Cause” means (i) your conviction, whether following trial or by plea of guilty or nolo contendere (or similar plea), in a criminal proceeding (A) on a misdemeanor charge involving fraud, false statements or misleading omissions, wrongful taking, embezzlement, bribery, forgery, counterfeiting or extortion, or (B) on a felony charge or (C) on an equivalent charge to those in clauses (A) and (B) in jurisdictions which do not use those designations; (ii) your engaging in any conduct which constitutes an employment disqualification under applicable law (including statutory disqualification as defined under the Exchange Act); (iii) your failure to perform your duties to the Company; (iv) your violation of any securities or commodities laws, any rules or regulations issued pursuant to such laws, or the rules and regulations of any securities or commodities exchange or association of which AIG or any of its subsidiaries or affiliates is a member; (v) your violation of any Company policy concerning hedging or confidential or proprietary information, or your material violation of any other Company policy as in effect from time to time; (vi) your engaging in any act or making any statement which impairs, impugns, denigrates, disparages or negatively reflects upon the name, reputation or business interests of the Company; or (vii) your engaging in any conduct detrimental to the Company. The determination as to whether “Cause” has occurred shall be made by the Committee in its sole discretion. The Committee shall also have the authority in its sole discretion to waive the consequences under the Plan or any Award Agreement of the existence or occurrence of any of the events, acts or omissions constituting “Cause.”
Client” means any client or prospective client of the Company to whom you provided services, or for whom you transacted business, or whose identity became known to you in connection with your relationship with or Employment by the Company.
Competitive Enterprise” means a business enterprise that (i) engages in any activity, or (ii) owns or controls a significant interest in any entity that engages in any activity, that, in either case, competes anywhere with any activity in which the Company is engaged. The activities covered by the previous sentence include, without limitation, all insurance and re-insurance and insurance and re-insurance-related activities, asset management, financial product activities (including, without limitation, derivative activities) and financial services in the United States and abroad.
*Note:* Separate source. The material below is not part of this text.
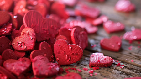 AI Generated. Red hearts and petals scattered on a wet wood surface background

Disability” means “permanent disability” as defined in the American International Group, Inc. Group Long — Term Insurance Policy as in effect on the Date of Grant.
Retirement” means “normal retirement” as defined in the American International Group, Inc. Retirement Plan as in effect on the Date of Grant.
Solicitmeans any direct or indirect communication of any kind whatsoever, regardless of by whom initiated, inviting, advising, encouraging or requesting any person or entity, in any manner, to take or refrain from taking any action.